Я постарался не выдать удивления: он умен, этот Старкад, и умеет отыскивать правду, что сбивает с ног.

– Верни меч, который украл, – сказал я; ничего другого на ум не пришло.

Он наклонил голову, как любопытствующая птица.

– Слишком ты дорожишь этим клинком, – задумчиво произнес он. – Да, меч добрый и дорогой, но все же…

– Сторгуемся? – перебил я, а он обидно рассмеялся.

– С какой стати? Скоро я получу назад то, что вы похитили с Кипра, – и если греки не ослепят вас за ваши делишки, я сам приду за вами. Меня хранит ярл Бранд, не забывай об этом.

– А Бранд знает, что ты служишь Харальду? – спросил я, и его глаза налились кровью. – И что подумает Синезубый насчет твоей клятвы Бранду? Ты слишком легко нарушаешь обещания, чтобы с тобой договариваться.

– И все-таки, – ответил он хрипло, – я предлагаю перемирие.

Я не смел обернуться, но чувствовал, как мне в спину впиваются взгляды побратимов, и острее всего наверняка взор Ботольва. А еще незримо присутствовали те, кто сидел в темнице, кого по вине Старкада заковали… Тяжесть гривны ярла, другой рунной змеи на моей шее, сделалась нестерпимой.

– Перемирие? – повторил я. – Ради чего? Ты же еще не сдох.

За плечом послышались смешки, и Старкад резко развернулся, махнув полой алого плаща, и скрылся за спинами своих людей. Бросая на нас угрюмые взгляды, они удалились.

Побратимы обступили меня, с усмешками хлопали по плечам. Ботольв, урча от удовольствия, как громадный кот, сказал, что редко ему доводилось слышать такую перепалку, и прочие согласились.
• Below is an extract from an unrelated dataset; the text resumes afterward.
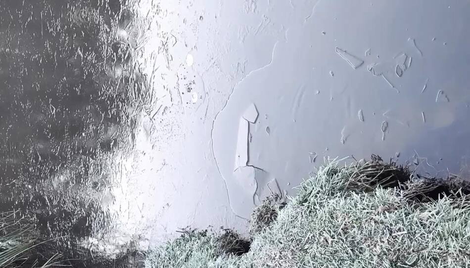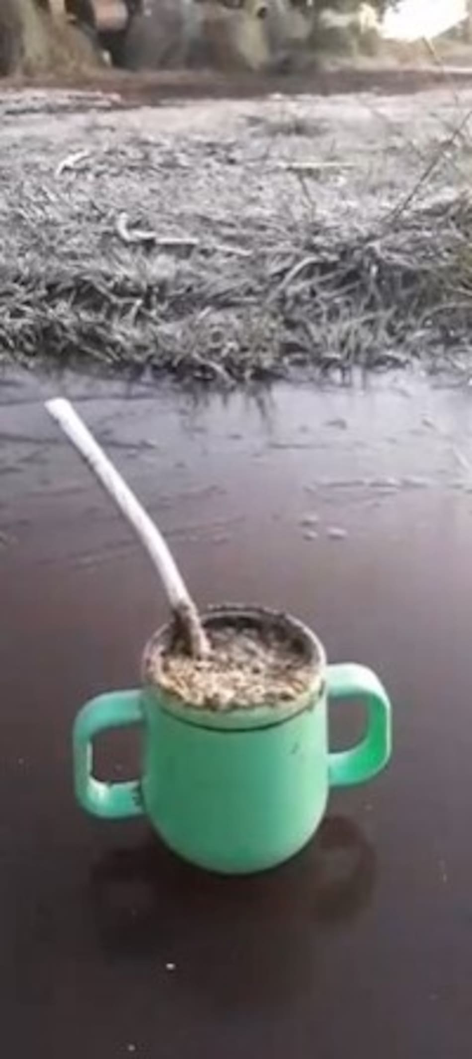En Rumencó, una familia se filmó junto a un lago cubierto de hielo y en Acantilados, un mate quedó sobre un charco helado en medio de un patio cubierto de un pasto que yacía blanco producto de la helada.

Я кивнул, когда мои колени перестали подгибаться. Хвала богам за эти просторные русские штаны.

– Ну, – проворчал Финн, – вот и ладно. Он не станет торговаться, так что придется меч у него отобрать.

В становище мы собрались у огневой ямы и смотрели, как тают в небе черные перья дыма от погребального костра Ивара. Квасир и Финн, которых я поставил командовать воинами, сошлись на том, что единственный способ – найти Старкада и сразиться с ним. Однако никто не знал, как быть с нашим кожухом, насчет которого Старкад был прав: едва Красные Сапоги прибудет, нам не поздоровится.
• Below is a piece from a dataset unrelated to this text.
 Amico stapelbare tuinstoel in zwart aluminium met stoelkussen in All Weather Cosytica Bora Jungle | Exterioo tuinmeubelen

– Мы можем узнать, где Старкад ночует, и напасть ночью. Так мы задавим его числом, – предложил Радослав.

Финн поджал губы.

– Ночью? Это убийство, а не честный бой.

Я объяснил Радославу. Любая смерть в ночи признается убийством, даже если мы покроем тело, как положено, и немедленно известим о случившемся.

– Какая разница? – пробормотал Квасир. – Ярл Бранд снимет с нас головы, даже если мы победим. Пусть всего один уцелеет, его не пощадят.

Я был уверен, что этим последним окажется Финн либо Квасир, но наверняка никто из данов. Те знали, чем ценен меч, и принесли клятву, как и все остальные, но я сомневался, что они будут биться насмерть. Посулов невообразимого богатства достаточно, чтобы заманить их и увести за собой – и поклясться, – но драться до смерти? Это уже совсем другое дело.

Говорили и о прочем, покуда Финн готовил маньши,арабскую еду – баранина, лук, перец, кориандр, корица, шафран и другие пряности, в том числе мурринаки,приправа из ячменного масла. И этот человек узнал названия многих пряностей всего несколько недель назад!

Не сводя глаз с горшка, мы пускали слюни и говорили о Красных Сапогах и римском войске. Мало кто из нас понимал, какую славу и какие богатства можно завоевать в такой унылой земле, как эта, – тем паче что нынешняя война была одной из череды войн между Великим Городом и Sarakenoi.

– Я потолковал с тем лучником, Зифом, – сказал брат Иоанн, одобрительно принюхиваясь. – По его словам, василевс посулил Господу принести Его Слово язычникам. Это священная война.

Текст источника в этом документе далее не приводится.